* [Task goal]:
Look through the entries below for the line with "活动现场,我院同学利用所学专" and the line with "Yamissi Vanity Makeup", then give again exactly those two lines and all lines between them, minus the pictures.

* [Data for this task]:
__________________________________________________
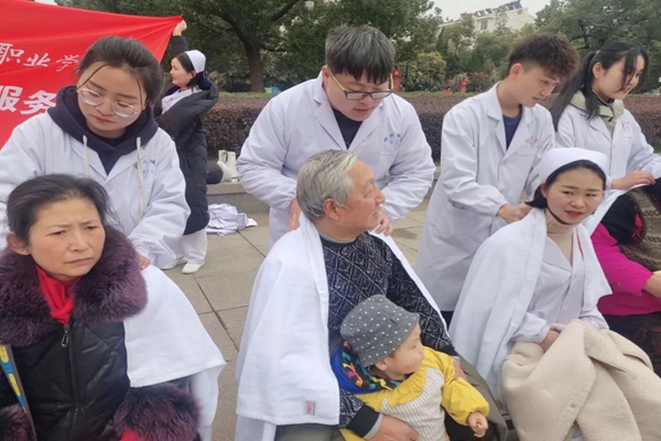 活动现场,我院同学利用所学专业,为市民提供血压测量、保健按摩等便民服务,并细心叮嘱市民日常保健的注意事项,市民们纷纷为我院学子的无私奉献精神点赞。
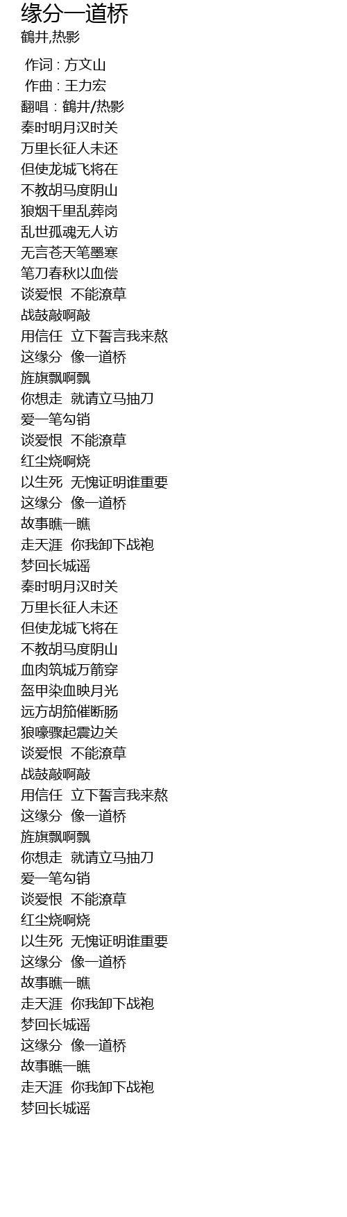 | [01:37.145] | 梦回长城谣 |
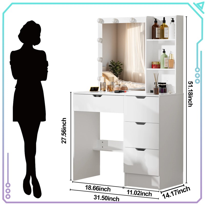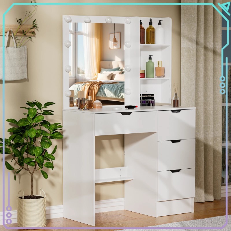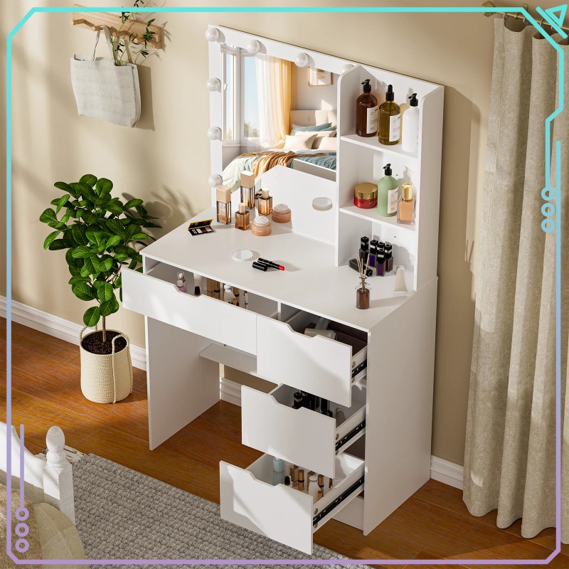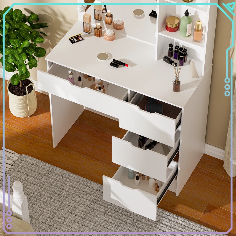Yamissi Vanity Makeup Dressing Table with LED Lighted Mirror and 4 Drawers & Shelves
__________________________________________________
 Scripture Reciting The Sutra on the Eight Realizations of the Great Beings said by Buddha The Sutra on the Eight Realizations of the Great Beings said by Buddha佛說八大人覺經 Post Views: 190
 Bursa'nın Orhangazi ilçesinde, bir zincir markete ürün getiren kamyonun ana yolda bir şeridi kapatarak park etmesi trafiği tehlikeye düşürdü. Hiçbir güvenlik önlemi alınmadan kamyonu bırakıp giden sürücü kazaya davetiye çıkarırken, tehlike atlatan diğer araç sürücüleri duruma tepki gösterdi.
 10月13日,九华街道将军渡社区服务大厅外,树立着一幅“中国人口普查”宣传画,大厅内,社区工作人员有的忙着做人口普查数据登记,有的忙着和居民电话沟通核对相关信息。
__________________________________________________
* [Reply to the exercise]:
 活动现场,我院同学利用所学专业,为市民提供血压测量、保健按摩等便民服务,并细心叮嘱市民日常保健的注意事项,市民们纷纷为我院学子的无私奉献精神点赞。
 | [01:37.145] | 梦回长城谣 |
Yamissi Vanity Makeup Dressing Table with LED Lighted Mirror and 4 Drawers & Shelves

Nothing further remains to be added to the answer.